Every tour for Clio Muse is an exciting process of discovery. It was mid-summer in 2016 when I first heard about the possibility of writing about the Protestant Reformation and Martin Luther. At the time I was lying on some rocks, basking in the summer sun and enjoying the warm sea of Attica. On hindsight, it is clear that it was almost sacrilegious to think it would be easy to design a tour that would discuss events that shook Europe to the core for many decades in a fair, concise and entertaining way.

Our goal was to present a comprehensive account of events from the viewpoint of the people who were involved and were affected by them; the well-known reformers, the lowly farmers, the prosperous city dwellers and the exhausted printers, the fervent preachers and the ambitious women who participated in the movement and overturned ideas and values that had withstood the test of time for 1500 years. In reality, of course, things did not go as smoothly as one would wish. The available material is expansive and inexhaustible, a mass of information that can turn the prospective researcher into a marine hunter facing a gigantic school of sardines. Whether you like it or not, you feel lost and helpless, unsure of what to do and which sardine to go after.

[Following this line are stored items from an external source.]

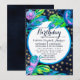 Navy Butterfly Floral Leaves Watercolor Birthday Invitation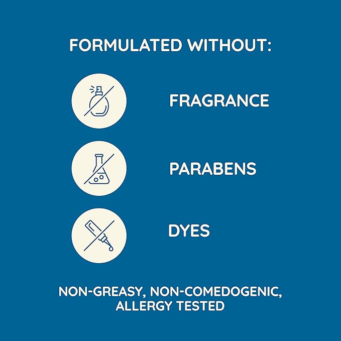 - Skin relief moisturizing lotion is specially formulated for dry, sensitive skin, has a non-greasy, non-comedogenic formula, has been allergy tested, and is free of fragrances, para-bens and dyes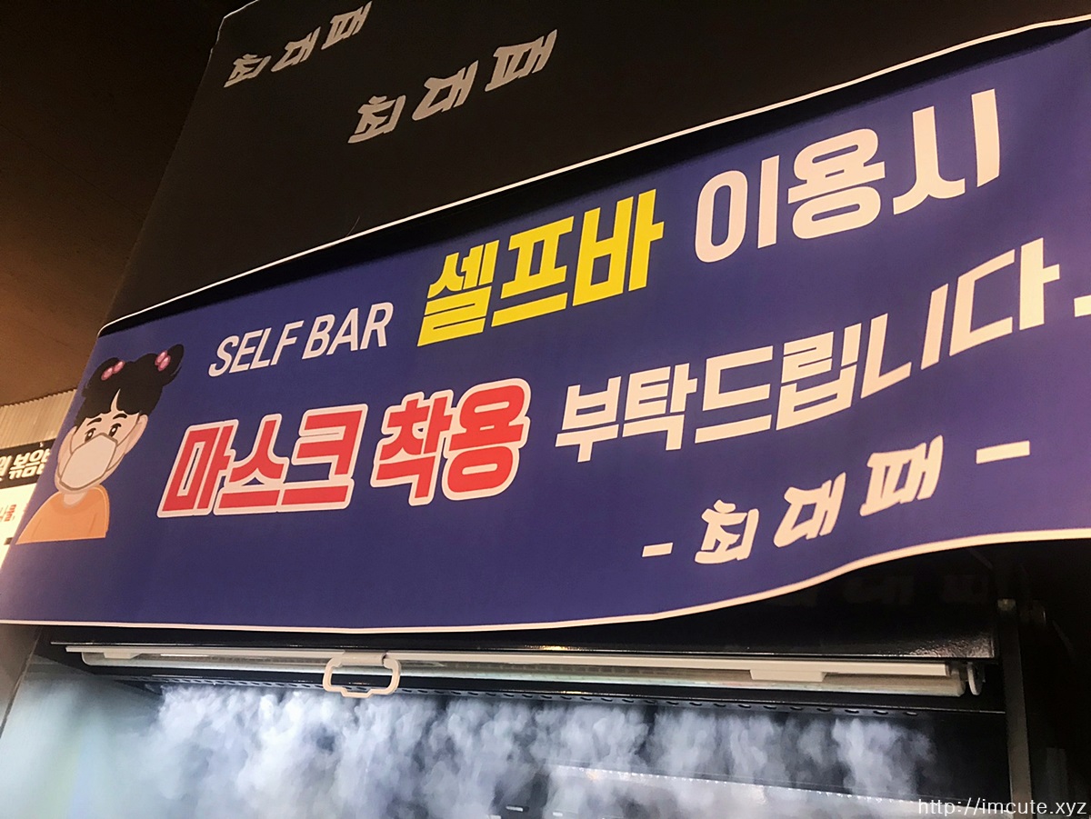 셀프바입니다. 사람들이 저마다 음식을 떠 가는데요 셀프바 이용시에도 마스크를 착용하며 다른 손님께 피해가 되지 않게 이용해주면 될거 같네요.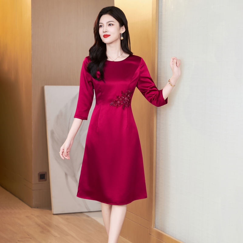 茗思高级感钉珠撞色连衣裙女2025早秋新款 裙子 气质宽松显瘦中长款
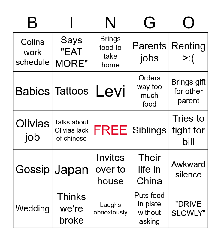 This bingo card has a free space and 24 words: Wedding, Japan, Levi, Puts food in plate without asking, Renting >:(, Colins work schedule, Says "EAT MORE", Brings food to take home, Siblings, Tries to fight for bill, Olivias job, Tattoos, Their life in China, Awkward silence, Babies, Thinks we're broke, Laughs obnoxiously, Parents jobs, Brings gift for other parent, Gossip, Talks about Olivias lack of chinese, Invites over to house, Orders way too much food and "DRIVE SLOWLY".
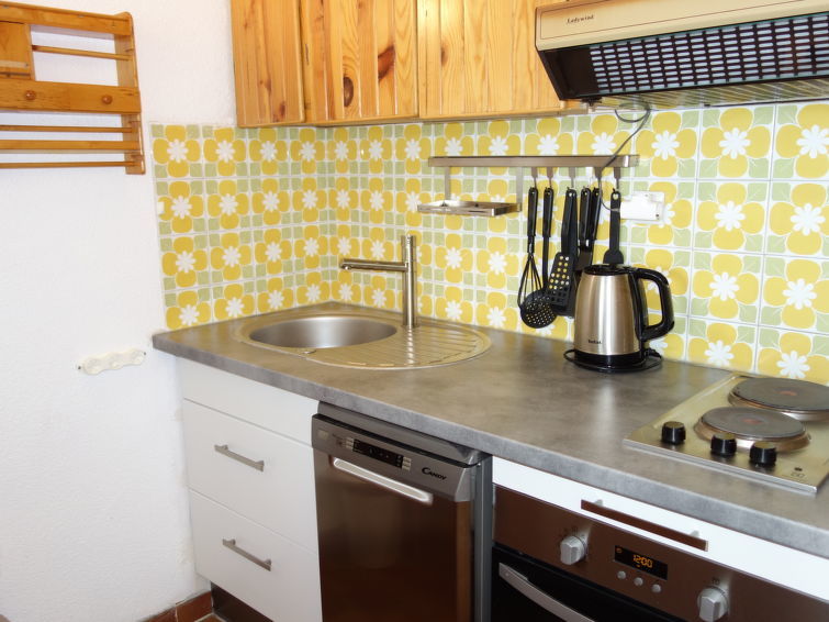 Appartement 2-kamers 35 m2 op de 2e verdieping. Woon-/eetkamer met 1 uitschuifbaar bed (2 pers. 2 x 80 cm, lengte 190 cm), TV. Uitgang naar het terras. 1 kamer met schuifdeur met 1 2-pers bed (140 cm, lengte 190 cm). Uitgang naar het terras. Kookhoek (oven, afwasmachine, 2 keramische glas kookplaten, magnetron, elektrische koffiemachine). Bad/WC. Elektrische verwarming. Terras 9 m2, overdekt, op het westen gelegen. Terrasmeubelen. Mooi uitzicht op zee. Ter beschikking: wasmachine, strijkijzer. Internet (Internet (WiFi), extra). Parkeerplaats nr. 574. Maximaal 1 klein huisdier/hond toegestaan. TV alleen FR. Rookmelders. Let op: het bad is klein (lengte: 108 cm). 83112 000275 84

My personal conclusion, after all this work, is that the Reformation happened almost inadvertently. Luther did not set out to destroy the papacy but to save the souls of the faithful who were threatened with eternal damnation as a result of the activities of greedy and semi-ignorant sellers of indulgences. The prosperous priests of Renaissance Rome were hardly likely to pay heed to the opinions of an obscure German. Their obstinate belief in the supremacy of their doctrines clashed with Luther’s convictions regarding the truth he preached. When you add the nascent nationalism of German rulers, the anguish of people who struggled to save their souls in a world full of death, and the unexpected success of books and pamphlets that, let’s face it, circulated despite all efforts to suppress them, we have an explosive mixture of passion and intellectual strife that transformed Europe.

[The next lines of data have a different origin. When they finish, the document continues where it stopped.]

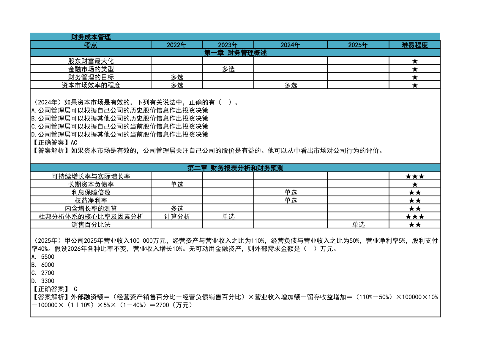 2024年注会《财管》高频考点第9章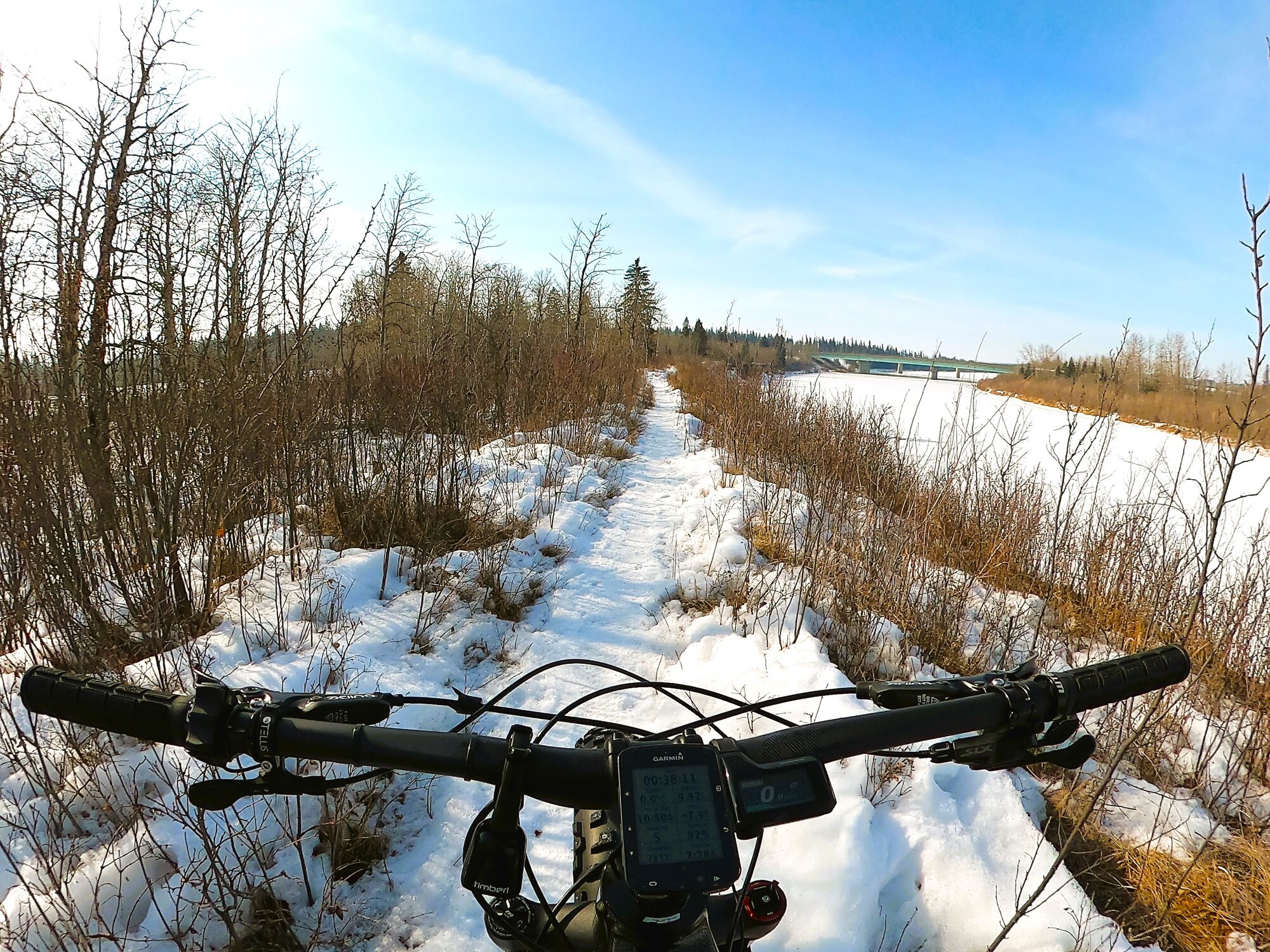 Today’s 33 + km ride covered three separate trails including a short run along the Garden Heights single track. Morning temperature at the outset was -14 windchill perfect for a two-hour morning spin as the ground conditions start to get a bit softer with the afternoon sun.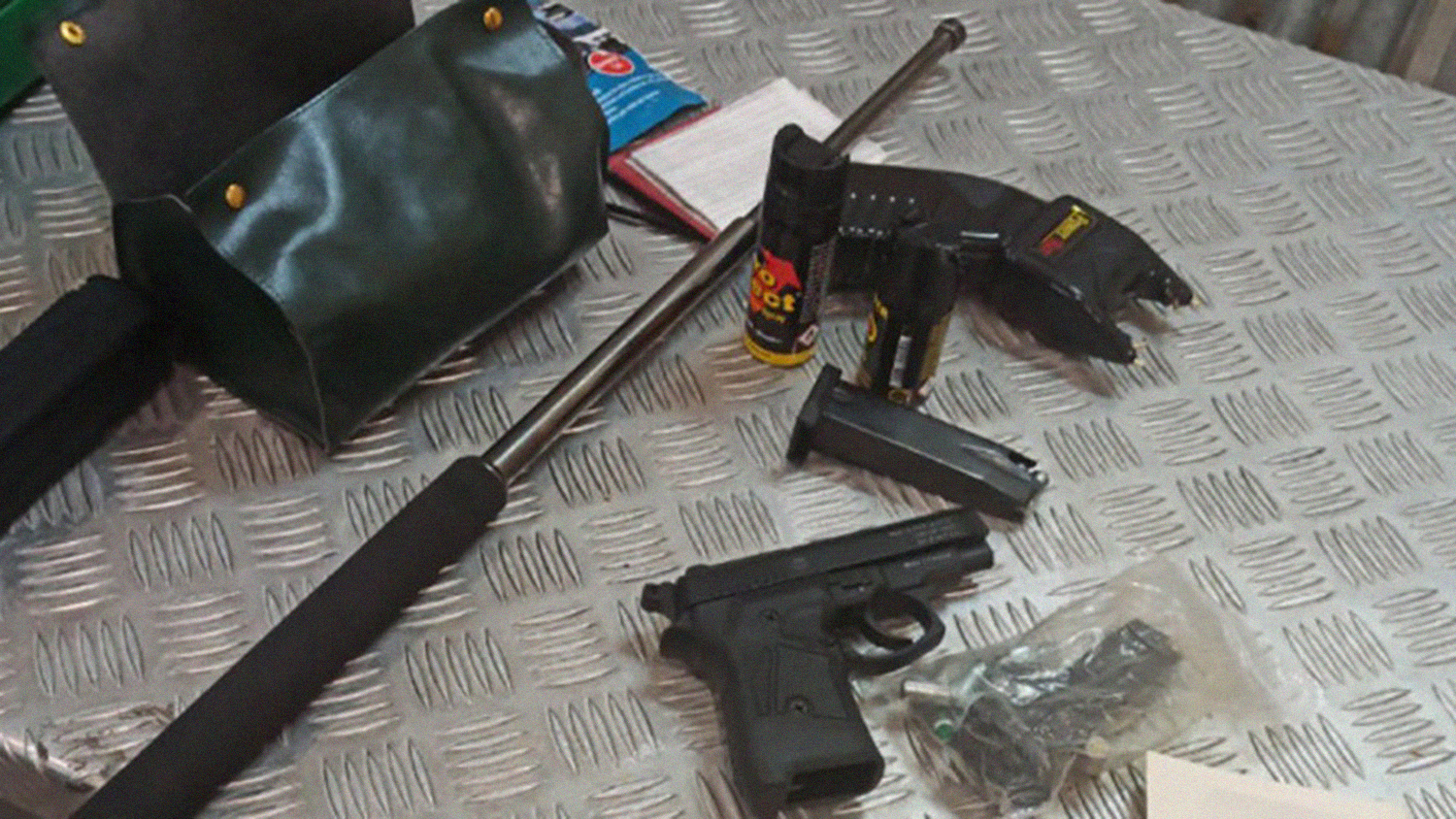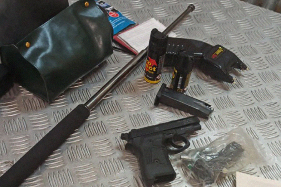 «Пограничный наряд обнаружил в подлокотнике легкового автомобиля пневматический пистолет с двумя магазинами, заряженными 24 шумовыми патронами, а также 10 перцовых патронов. В перчаточном ящике найдено два перцовых баллона и электрошокер, а в нише под водительским сиденьем — телескопическая дубинка», — сообщили агентству.

The Greek world was also affected by these dramatic events. The Ottoman Empire and the Greek Orthodox Church shielded the Greeks from the armed conflicts and the turmoil. Nevertheless, the patriarch Cyril Lucaris (1620-1638) believed that the pope wished to crush the Orthodox Church, so he did not hesitate to clash with him. The Calvinists supported Lucaris and used his tolerance to preach in Constantinople, to translate the Holy Bible in plain Greek, and to open schools. Lucaris published his famous Confessio, which appeared in Latin and circulated widely in Western Europe, where it was used in the struggle against the Roman Catholic Church. His action is not part of the tour we published, but it remains a captivating reminder of the Reformation’s global impact.